I am having a hard time finding any reviews of the Bianchi 1885 Alu Hydro bike - has anyone seen any or can anyone comment on this bike? I am looking at an Orbea Onix for around the same price and would like to compare them. I have to say, it is a stunning looking bike...

Thanks,

Peter


----------



## backbeat (Mar 29, 2006)

*Bianchi 1885*

I'm with you Peter. Someone must have purchased an 1885 and hopefully they're willing to share some information..


----------



## peterm1 (Mar 19, 2006)

Well, I went ahead and got the Onix - at least I have read uniformly positive things about it.

Peter


----------



## pbloom (Apr 21, 2006)

*pbloom*

I have a Bianchi 1885 Alu-Hydro (2005)!! 
I too haven't been able to find anyone else who rides this one! 
(My bike his equiped with the full Campagnolo Senteur 10-Speed groupset, with Campo-Vento wheels). 
I love my bike.
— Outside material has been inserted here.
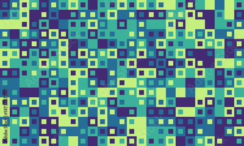 Abstract pixel art background. Vibrant teal, green, and purple squares create a dynamic, textured pattern perfect for websites, presentations, or digital art projects.
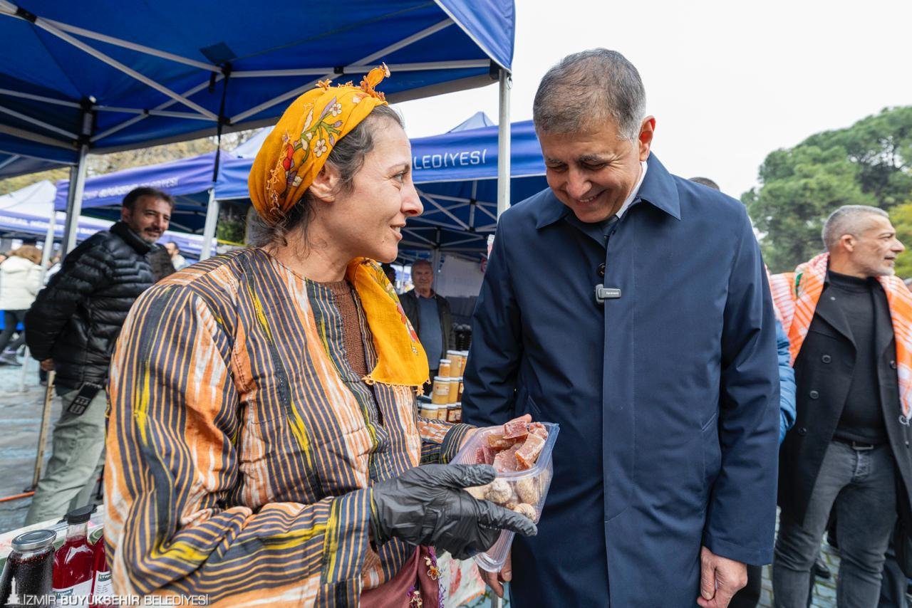 İzmir Büyükşehir Belediyesi tarafından kurulan, kooperatif ürünlerinin satıldığı, üreticinin alın terini koruyan İZMAR mağazalarının sayısının yakında 20’ye ulaşacağını söyleyen Tugay, “Önümüzdeki sene belki 40 ya da 50 olacak. İzmir’in her yerinden İZMAR açılması için talep geliyor. O marketlerde sizlerin ürünleri satılacak. Sebze meyveler için özel marketler kuracağız. Restoranlar, oteller, turizm işletmeleri kaliteli ve iyi ürünü uygun fiyata alsın diye büyük toptancı marketleri açacağız. Bunların hepsi sizin üretmenize ihtiyaç duyuyor. Siz ürettikçe oralarda insanlar daha iyi ürünlerle, daha iyi fiyatlarla buluşacaklar. Kadın kooperatiflerimiz için de bir şey söyleyeyim; her birisini kendi ürettiklerini sattıkları ortamlarda sıkça görüyorum. İyi ki varsınız. Geçenlerde balık halimizin başkanı ile konuştum. Kadın kooperatiflerimiz ile şehir içerisinde uygun noktalarda balık ekmek stantları oluşturacağız. Normalde satılan fiyatın altına balık getireceğiz. Bunu yaparken sadece balıkçılara ve kadınlarımıza değil aynı zamanda o ürüne uygun fiyatla ulaşmaya ihtiyacı olan gençlerimize, ihtiyaç sahibi insanlarımıza da hizmet etmiş olacağız” dedi.

It rides smoothly on most surfaces, and is extremely fast. The componenti components (stem and seat post) look good, and perform as well as some more expencive alturnatives. 
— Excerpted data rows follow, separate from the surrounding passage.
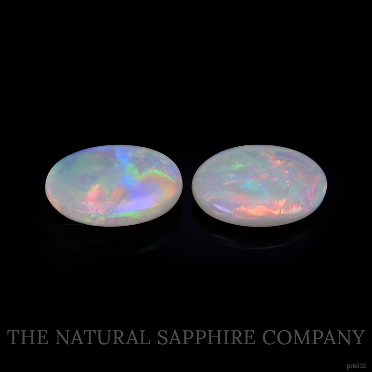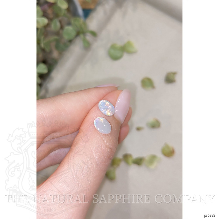 These cabochon-cut opals, measuring 8.12 x 6.03 x 2.14 mm and 8.25 x 6.16 x 2.28 mm, exhibit slight inclusions evaluated at eye level. This clarity grade only enhances their allure, as each imperfection is a hallmark of the earth from which they originated and adds character to the gemstones. Unlike many opals on the market that have undergone enhancement processes to amplify their color, this pair is entirely natural. Their genuine hue and luster enhance their value significantly, especially to those who appreciate the authenticity of untouched gems.
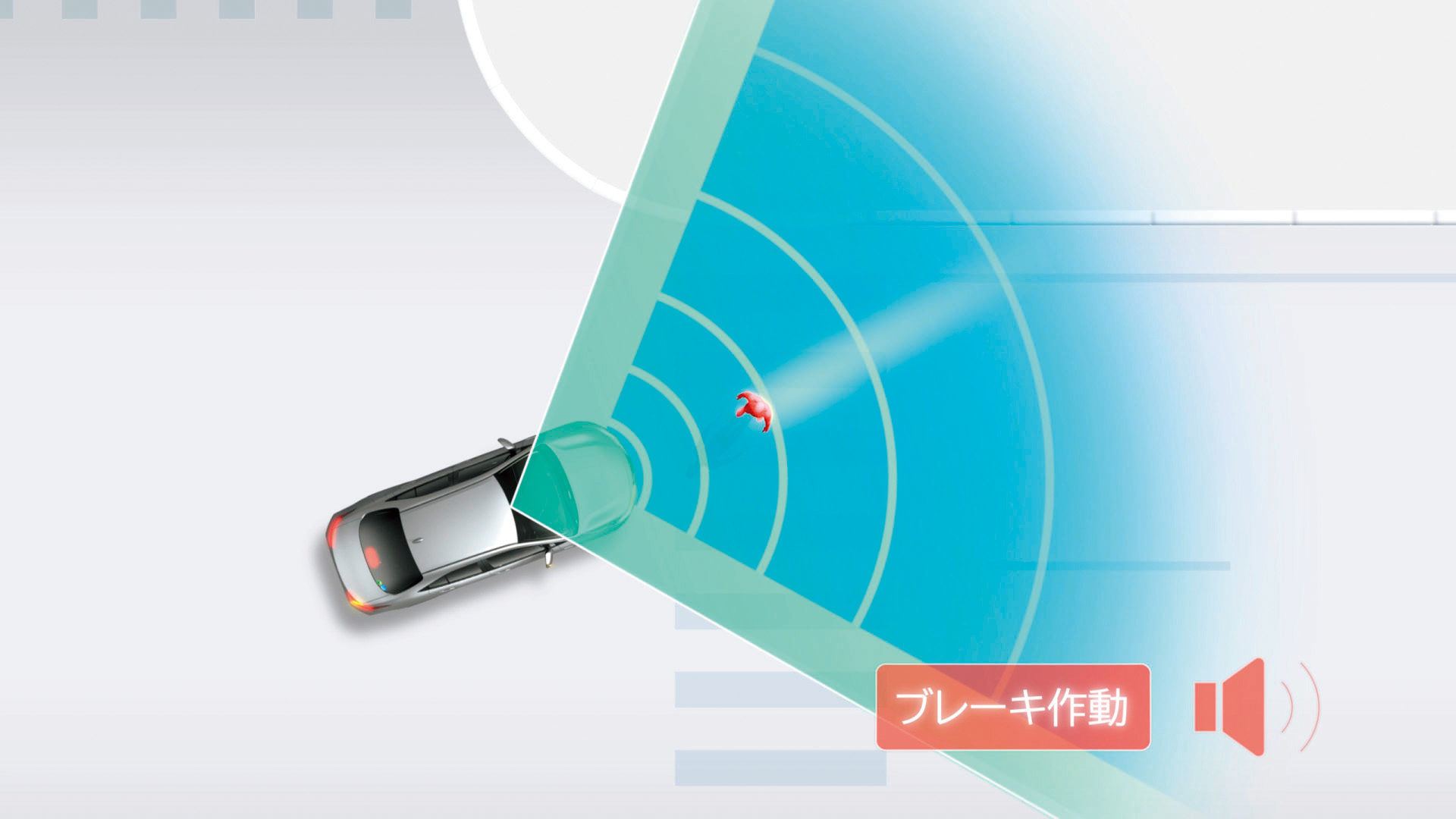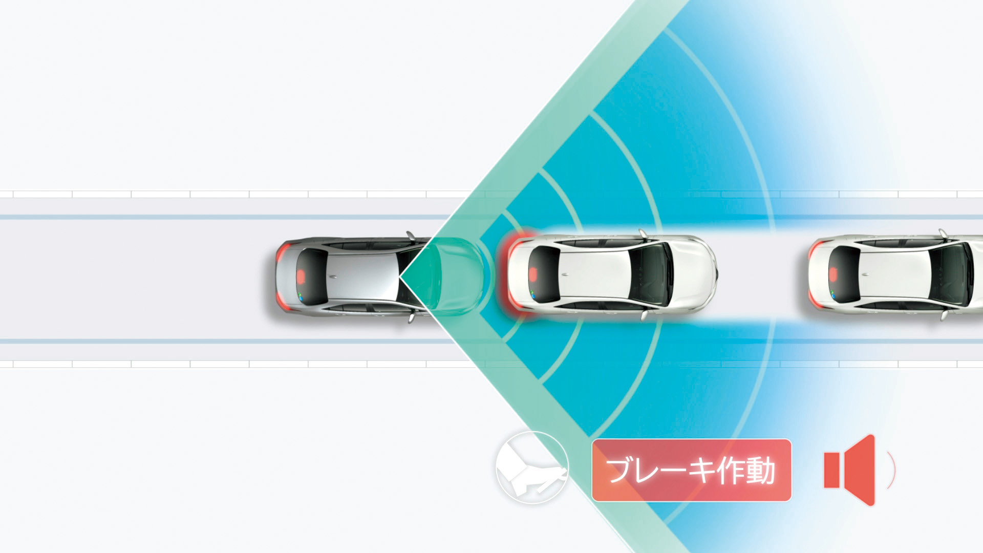 プリクラッシュセーフティ : 直進時の歩行者・自転車運転者検知機能(作動イメージ) |
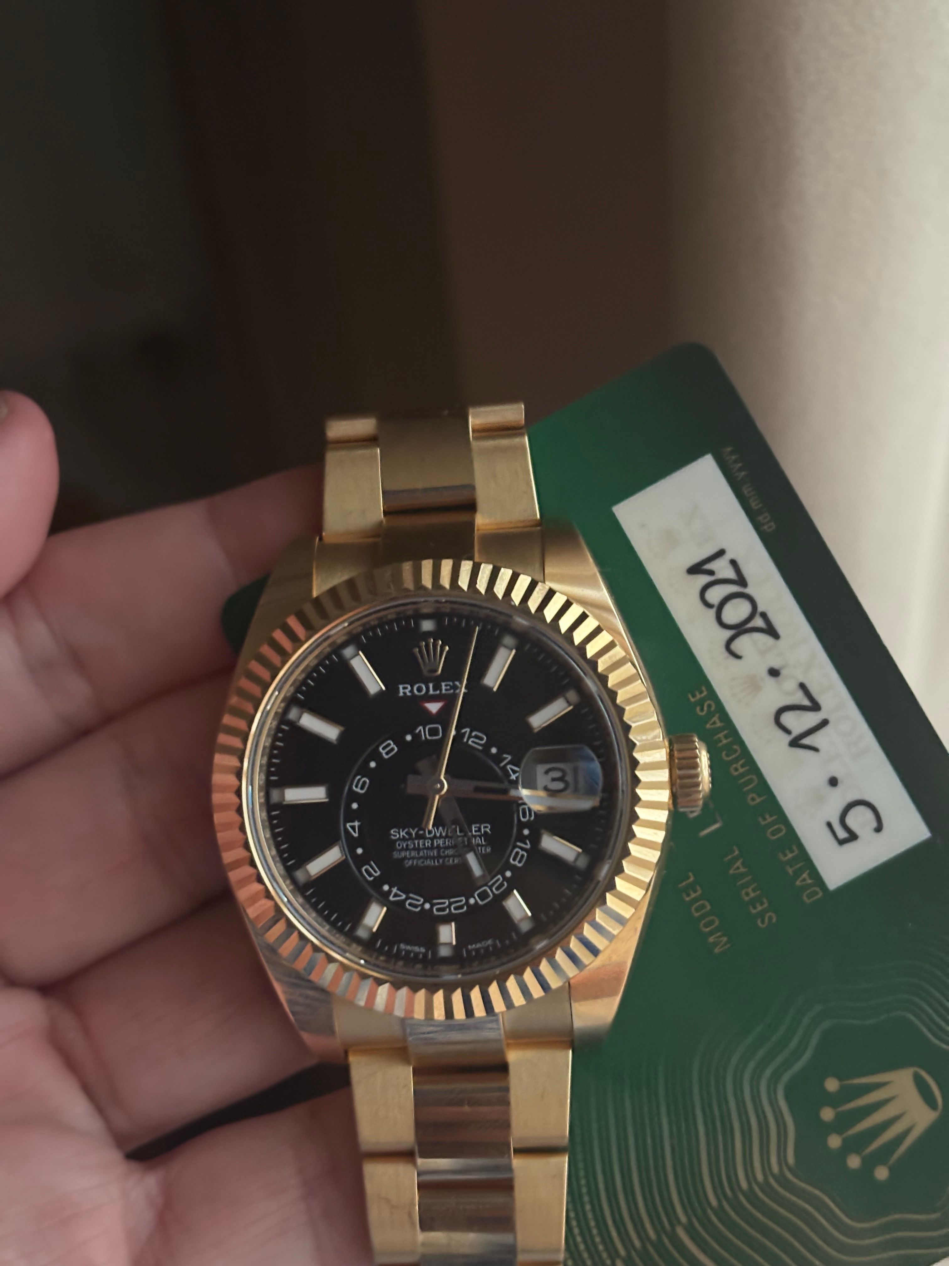 Rolex Skydweller yellowgold with Black Dial 2021-12Missing 1 link 🔗

Personaly I think it depends on your riding style if this is the right bike for you. I like a stiff and responsive ride!


----------



## backbeat (Mar 29, 2006)

*Bianchi 1885 vs. CAAD8*



pbloom said:


> I have a Bianchi 1885 Alu-Hydro (2005)!!
> I too haven't been able to find anyone else who rides this one!
> (My bike his equiped with the full Campagnolo Senteur 10-Speed groupset, with Campo-Vento wheels).
> I love my bike. It rides smoothly on most surfaces, and is extremely fast. The componenti components (stem and seat post) look good, and perform as well as some more expencive alturnatives.
> ...


Thanks for the post pbloom. Your description works for my riding style/preference as well - so I'm looking forward to comparing it to the CAAD8. Have you ridden a CAAD8? I rode one last week and thought it was the quickest and most responsive bike I have tested so far (within the last 5 months or so). I think my decision will come down to the 1885 or CAAD8.
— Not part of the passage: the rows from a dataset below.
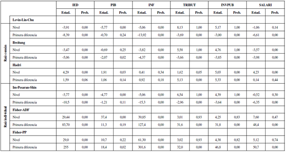 Para estimar los modelos, como primer paso, se requiere verificar la estacionariedad de las series de tiempo, para lo cual se realizaron pruebas de raíz unitaria común e individual11, para las variables en niveles y considerando ecuaciones con intercepto individual (Wooldridge, 2002).
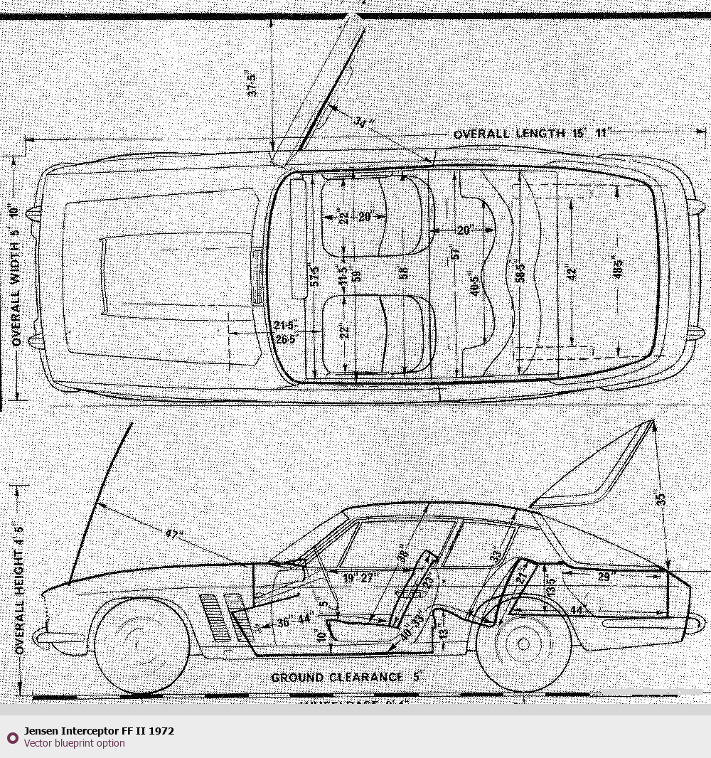 Raster blueprint of the 1972 Jensen Interceptor FF II Tag. This free downloadable image can be used for graphic projects, digital design, and 3D modeling. The file provides accurate exterior proportions of the vehicle. Model year: 1972. Body type: Tag.
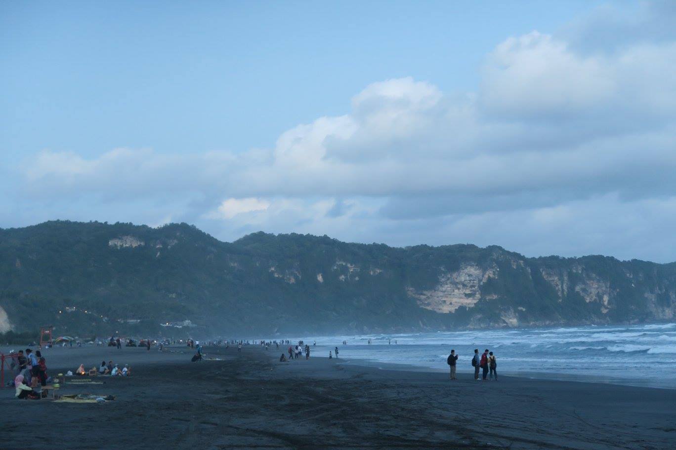 เมื่อแรกถึงเกาะชวาเมื่อเย็นวันที่ ๒๙ กค. คณะของเราต่อไปที่ชายทะเลปารังตรีกิสที่ว่ากันว่ามีชื่อเสียงสุดของเขตยอกยาการ์ตาว่าคลื่นแรงและทรายจากภูเขาไฟเป็นสีดำไม่เหมือนที่ไหน ที่สำคัญคือมีสันดอนทรายใหญ่อย่างที่มีที่เมืองนครและอีกหลาย ๆ ที่ แต่มัคคุเทศก์ที่นี่บอกว่ามีแต่ที่นี่กับที่ฮาวายเท่านั้น
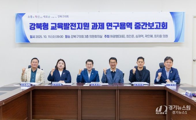 [경기뉴스원/경기뉴스1] | 강북구의회 의원연구단체인 ‘강북형 교육발전지원 연구회’ (대표의원 허광행)는 지난 10월 15일 의회 3층 의원회의실에서 중간보고회를 열었다.
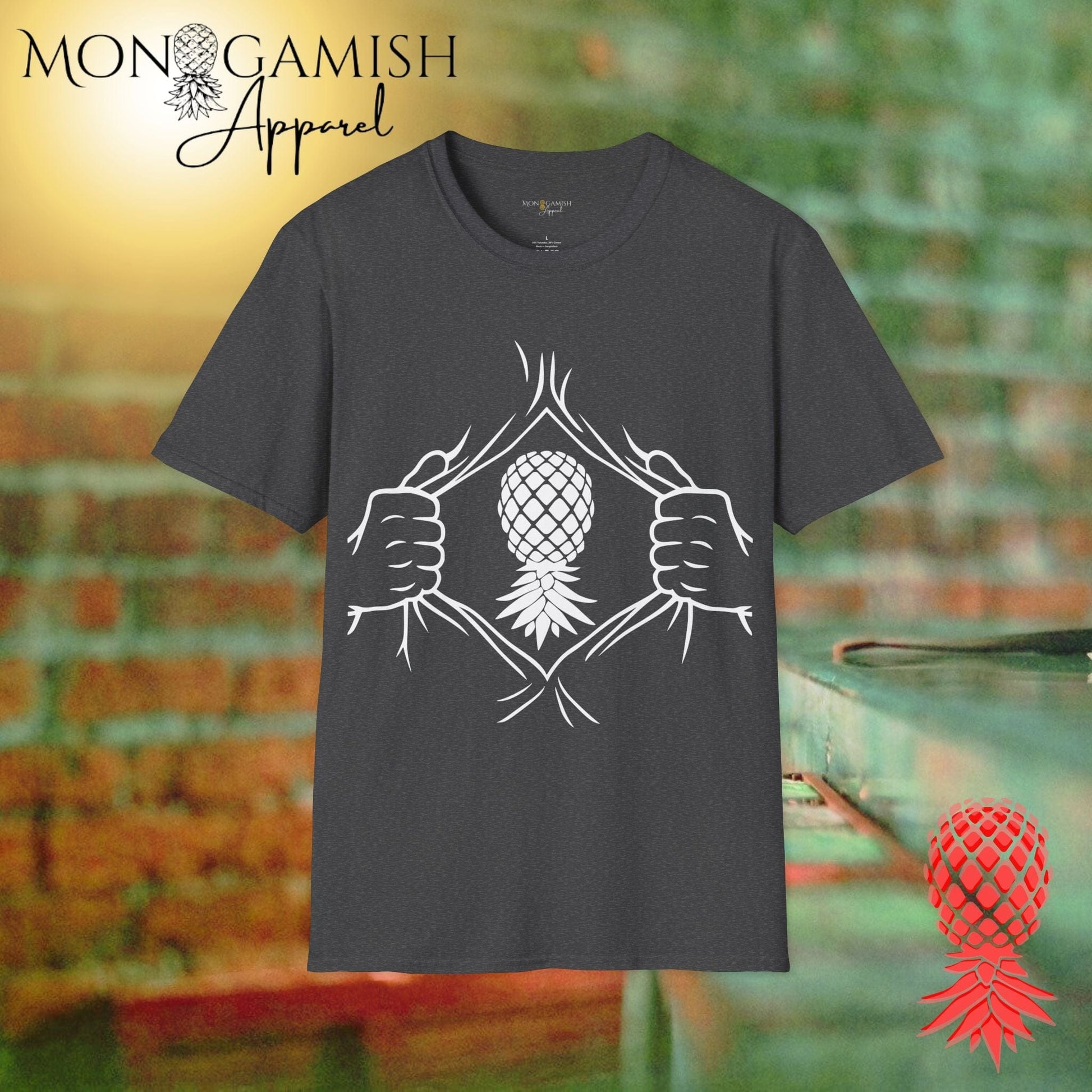 This unisex tee makes a bold statement with a graphic of hands pulling open the fabric to reveal an upside-down pineapple at the center. It’s the perfect mix of playful and daring, symbolizing the lifestyle signal just beneath the surface. Ideal for house parties, takeovers, or casual outings, this design shows that what’s underneath is always more interesting than what’s on top.

Question - I thought the 2005's had the Chorus group? Is it the Centoventi color?

backbeat


----------



## pbloom (Apr 21, 2006)

backbeat said:


> Thanks for the post pbloom. Your description works for my riding style/preference as well - so I'm looking forward to comparing it to the CAAD8. Have you ridden a CAAD8? I rode one last week and thought it was the quickest and most responsive bike I have tested so far (within the last 5 months or so). I think my decision will come down to the 1885 or CAAD8.
> 
> Question - I thought the 2005's had the Chorus group? Is it the Centoventi color?
> 
> ...


----------



## pbloom (Apr 21, 2006)

I amlooking forwards to testing out a CAAD8. Beautiful bike (but not Italian)


----------



## backbeat (Mar 29, 2006)

*CAAD8 Test Ride*



pbloom said:


> I amlooking forwards to testing out a CAAD8. Beautiful bike (but not Italian)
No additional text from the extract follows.